Дейв деловито хлопнул в ладоши и объявил:
– Итак! Позвони мне, Мигель, – или пускай Перла позвонит. Ну, ты понял. А я буду звонить тебе, Габриэль. Брат дал мне твой номер. Ты поможешь мне на похоронах.
– Погодите, – вскинулся Младший Ангел. Он хотел было сказать: «Я уезжаю», но осекся.
– Спасибо, ребята. – Дейв махнул на прощанье и торжественно покинул комнату и дом, тем же мерным шагом пересек двор, добрался до своего пикапа в дальнем конце улицы, забрался на сиденье и весело засвистел.
Из мельтешащих мыслей Старший Ангел выбрал одну:
– Я никогда не пробовал наркотики.
– Правда? – отреагировал Младший Ангел. – Я тоже.
– Даже марихуану.
– И я.
– А я думал, ты у нас хиппи. Я вот собираюсь попробовать покурить марихуану. Или печеньку с ней сжевать. Как думаешь?
– Почему бы и нет? Говорят, помогает.
– Говорят, от нее смех разбирает. Я бы не прочь поржать.
И тогда Младший Ангел сказал:
– Я видел, что ты сделал.
От этого признания, прозвучавшего сразу после исповеди, Старший Ангел похолодел в панике.
– Что я такого сделал? – выдавил он.
– В сарае.
– Что?
– Кеке.
– Ах вон что! – Ангел с облегчением откинулся на подушки, длинно, со свистом выдохнув. – А то ведь я много чего натворил. Ну да, город Кеке. Это было здорово.
Младший Ангел лег рядом с братом. Оба уставились в потолок.
– Не верится, что ты такое учудил, – сказал Младший Ангел.
– Моя маленькая тайна.
– Все равно все узнают.
– Ага. Но когда я уже помру. И это замечательно. Увидят, на что был способен Папа. – Теперь у него тряслась и правая рука. Старший Ангел и ее затолкал под себя. Мама, подумал он, а может, я все-таки устал.
Он проживал каждый шаг этого печального танца. Сейчас ему дорого давалось каждое слово. Когда вы умираете, вы умираете постепенно, небольшими порциями. Вам трудно говорить. Забываете, кто рядом с вами. Внезапно впадаете в ярость, гнев или панику. Жалеете, что не святой. Досадуете, что беспомощны. Ни с того ни с сего чувствуете себя получше и начинаете тешить себя ложными надеждами, что вот-вот произойдет чудо. Как будто и без того недостаточно грязного вранья.
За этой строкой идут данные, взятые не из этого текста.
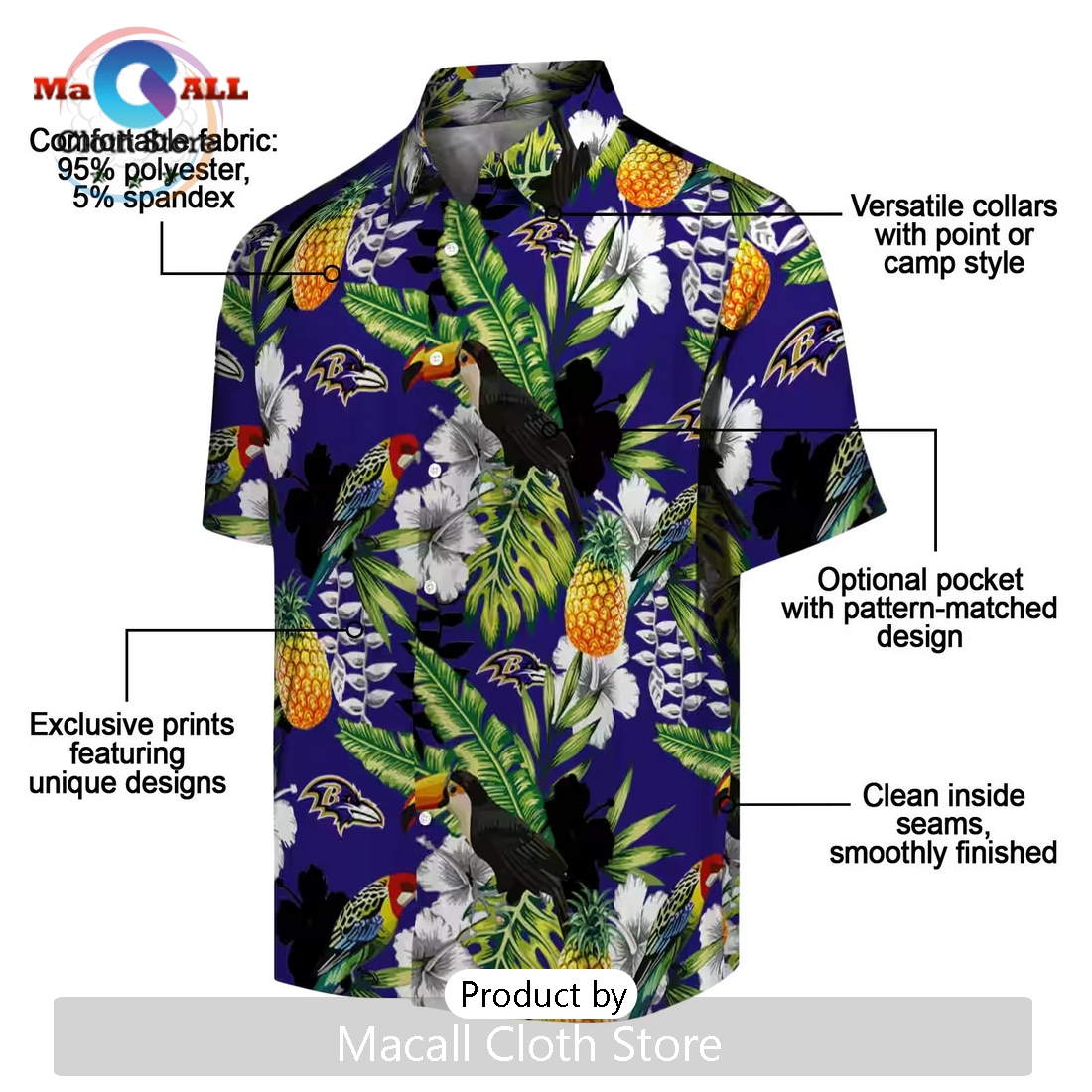 Custom Baltimore Ravens Tropical Toucan Hawaiian Shirt Information:

Старший Ангел вытащил смартфон и сосредоточенно попытался удержать трясущуюся руку, тыча пальцем в экран.
– Что ты делаешь?
– Пишу сообщение Минни. (Телефон блямкнул – доставлено.) Она сейчас придет.
Через минуту Минни влетела в спальню:
– Ты звонил?
– В шкафу, – сказал Ангел.
Протискиваясь мимо кровати, Минни сообщила:
– Чучело наше вернулся. Во дворе. В хлам просто. Убила бы придурка.
– Que? – переспросил Старший Ангел.
– Да ничего, пап. Это я дяде рассказываю. – Она повернулась к Младшему Ангелу: – Лало. Просила его как человека. Ни черта не слушает.
– Лало? – встревожился Старший Ангел. – Он опять употребляет?
– Все нормально, пап. Я разберусь.
Старший Ангел сердито брыкнул ногой.
– Ну правда, папа. У Лало просто был тяжелый день. Как у всех нас.
– Прости.
– Нет! Да нет же, я не о том!
– Все из-за меня.
– Перестань, папа. Ничего подобного.
– Брат, – начал было Младший Ангел. Но больше ему нечего было сказать, и слово повисло в воздухе.
Минни порылась в шкафу и вылезла оттуда с плоским пластиковым ящиком с защелкивающейся крышкой. Поставила в ногах у Старшего Ангела. Опять скрылась в недрах шкафа и появилась с коричневым шерстяным плащом в руках. С медными пуговицами, длинным, до пола. Кивнула, улыбнувшись, Старшему Ангелу, пожала плечо Младшему, пробираясь мимо.
– Ну, веселитесь, ребята. – И вернулась руководить празднеством.
– Это отцовская полицейская форма, – произнес Старший Ангел. – Дарю ее тебе.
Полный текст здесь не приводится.